We don't really have to eliminate that many people we just have to get the right ones.

Where does the population debate stand when we account for this waste?

Environmentalists point out that the earth's capacity to sustain current models of consumption is very limited due to numerous problems that ecosystems around the world are already facing. That even though we will continue to find new sources and new ways of using them more efficiently etc, they are still finite, and we use them up at a rate faster than which nature can replenish. While these problems are generally agreed upon, the causes are not. Some believe in the simple Malthusian theories of population growth outstripping resources.

* We see from the U.N. statistics on consumption distribution (on the first consumption page; that the world's wealthiest 20% consume 86% of the world's resources while the poorest 20% consume just a miniscule 1.3%), that it is not most of the world consuming the resources.
* While growing populations naturally place more demands on resources, it is not as simple a reasoning to say that we are overpopulated, or that the poor and heavily populated poor nations are the causes of the environmental degradation, as some automatically conclude.
* Much degradation may be occurring in the poor countries, but global trade and economic models include a lot of enforced export out of poor nations to the centers of capital, where, as per the above U.N. statistics, most of the consumption is done.
* (Of course, the wealthy in the poor countries consume more than the poor in the poorer nations do as well, but often, finished products that poor nations might require, such as industrial tools, even food and health technologies, are made in wealthier countries, as raw materials, commodities etc are first exported there. A double blow for the poor nation then is that they buy back products which are more costly, that have been made often from their own cheap resources.)
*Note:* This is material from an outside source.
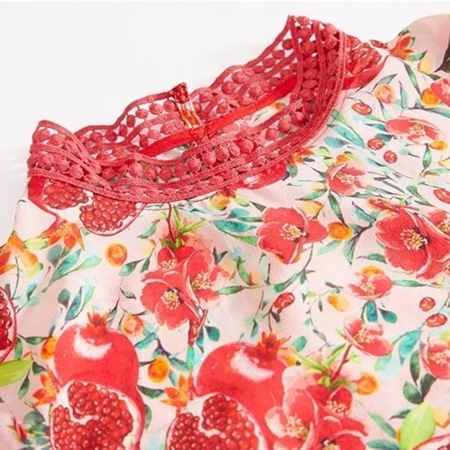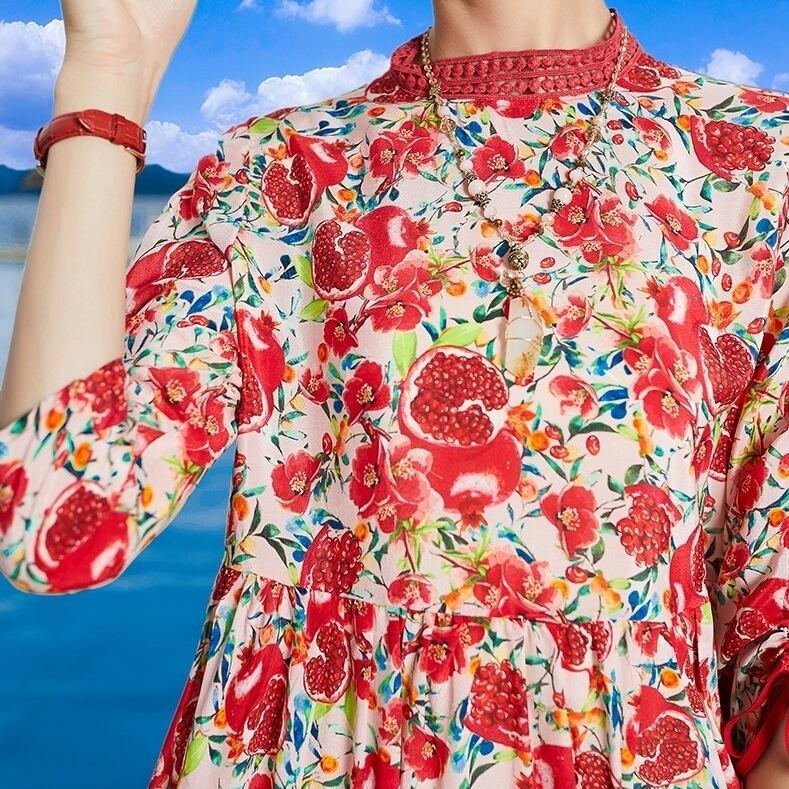 ワンピース レディース 送料無料 Aライン フレアワンピース フレア膝丈 膝下 ミモレ丈 立ち襟 スタンドカラー 五分袖 5分袖 ゆったり ゆる 大きめ ワイド 大きいサイズ ビッグサイズ プラスサイズ M L XL 2XL 3XL 4XL 体型カバー 二の腕カバー ハイウエスト 脚長 美脚 鮮やか 華やか 赤 レッド フルーツ柄 トロピカル 大人女子 大人可愛い カジュアル ラフ ルーズ お洒落 おしゃれ 春 春服 夏 夏服 20代 30代 40代 海 プール リゾート 楽ちん おでかけ 涼し

Hence, even other issues, such as population-related issues should consider the impact of consumption on the planet more importantly and analyze where that consumption is taking place. Of course, if the entire world's population were to consume in similar ways to the wealthiest, then we would no doubt have even more environmental problems than we are already facing and in relation to how we consume we would have a serious over population issue.

Yet, the roots of this would be in how resources are consumed etc, rather than just population growths and declines. Consumption modes, the political and economic models that support certain ways of consumption therefore have a far greater impact on the environment than “over” population, alone.



The basic theses involved in the discussions about population control are false.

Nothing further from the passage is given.